Question

我必须将词法分析器Sebesda的编程语言的结合（第4章，第2节）中的代码翻译成python。这就是我到目前为止所拥有的：

# Character classes #
LETTER = 0
DIGIT = 1
UNKNOWN = 99

# Token Codes #
INT_LIT = 10
IDENT = 11
ASSIGN_OP = 20
ADD_OP= 21
SUB_OP = 22
MULT_OP = 23
DIV_OP = 24
LEFT_PAREN = 25
RIGHT_PAREN = 26

charClass = ''
lexeme = ''
lexLen = 0
token = ''
nextToken = ''

### lookup - function to lookup operators and parentheses ###
###          and return the token                         ###
def lookup(ch):
    def left_paren():
        addChar()
        globals()['nextToken'] = LEFT_PAREN

    def right_paren():
        addChar()
        globals()['nextToken'] = RIGHT_PAREN

    def add():
        addChar()
        globals()['nextToken'] = ADD_OP

    def subtract():
        addChar()
        globals()['nextToken'] = SUB_OP

    def multiply():
        addChar()
        globals()['nextToken'] = MULT_OP

    def divide():
        addChar()
        globals()['nextToken'] = DIV_OP
    options = {')': right_paren, '(': left_paren, '+': add,
               '-': subtract, '*': multiply , '/': divide}

    if ch in options.keys():
        options[ch]()
    else:
        addChar()

### addchar- a function to add next char to lexeme ###
def addChar():
    #lexeme = globals()['lexeme']
    if(len(globals()['lexeme']) <=98):
        globals()['lexeme'] += nextChar
    else:
        print("Error.
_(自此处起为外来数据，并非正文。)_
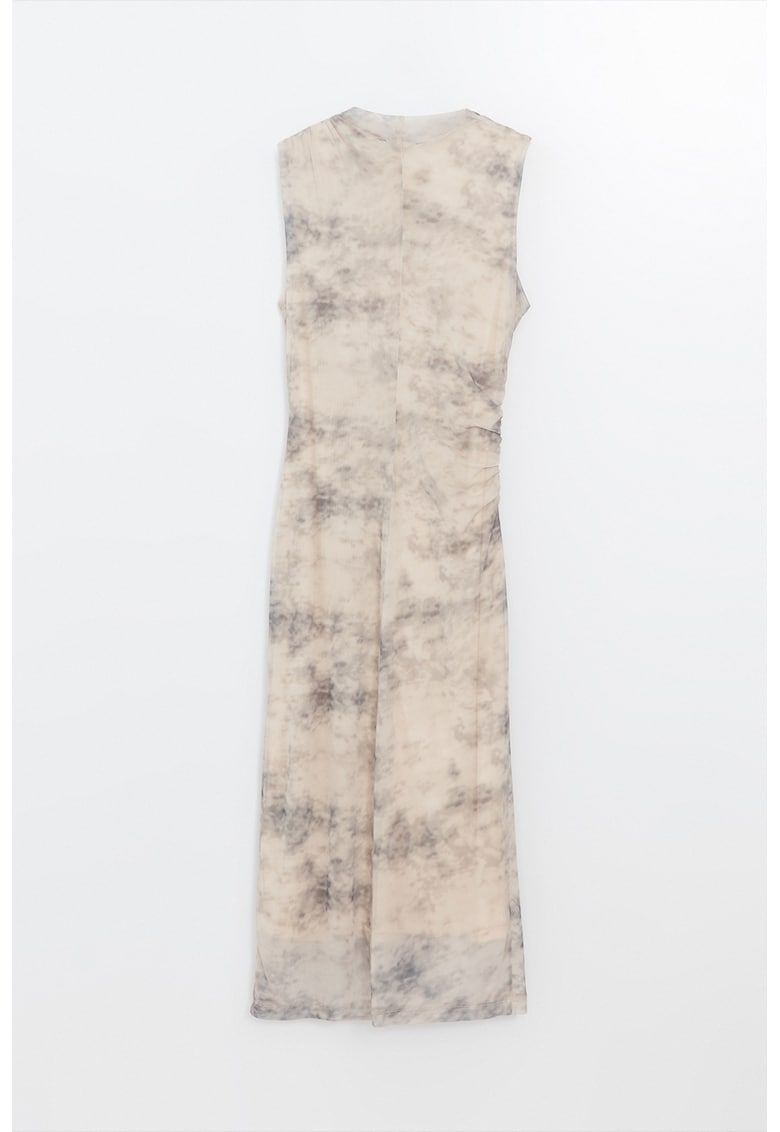 Caracteristici Culoare: maro nisip Stil: casual Material: plasa Imprimeu: tie-dye Croiala: dreapta Lungime: midi Lungime maneca: fara maneca Detalii: slim fit Sistem inchidere: fara inchidere Compozitie Exterior: 95% poliester - 5% elastan Captuseala: 100% poliester

Lexeme is too long")

### getChar- a function to get the next Character of input and determine its character class ###
def getChar():
    globals()['nextChar'] = globals()['contents'][0]
    if nextChar.isalpha():
        globals()['charClass'] = LETTER
    elif nextChar.isdigit():
        globals()['charClass'] = DIGIT
    else:
        globals()['charClass'] = UNKNOWN
    globals()['contents'] = globals()['contents'][1:]


## getNonBlank() - function to call getChar() until it returns a non whitespace character ##
def getNonBlank():
    while nextChar.isspace():
        getChar()

## lex- simple lexical analyzer for arithmetic functions ##
def lex():
    globals()['lexLen'] = 0
    getNonBlank()
    def letterfunc():
        globals()['lexeme'] = ''
        addChar()
        getChar()
        while(globals()['charClass'] == LETTER or globals()['charClass'] == DIGIT):
            addChar()
            getChar()
        globals()['nextToken'] = IDENT

    def digitfunc():
        globals()['lexeme'] = ''
        addChar()
        getChar()
        while(globals()['charClass'] == DIGIT):
            addChar()
            getChar()
        globals()['nextToken'] = INT_LIT

    def unknownfunc():
        globals()['lexeme'] = ''
        lookup(nextChar)
        getChar()

    lexDict = {LETTER: letterfunc, DIGIT: digitfunc, UNKNOWN: unknownfunc}
    if charClass in lexDict.keys():
        lexDict[charClass]()
    print('The next token is: '+ str(globals()['nextToken']) + ' The next lexeme is: ' + globals()['lexeme'])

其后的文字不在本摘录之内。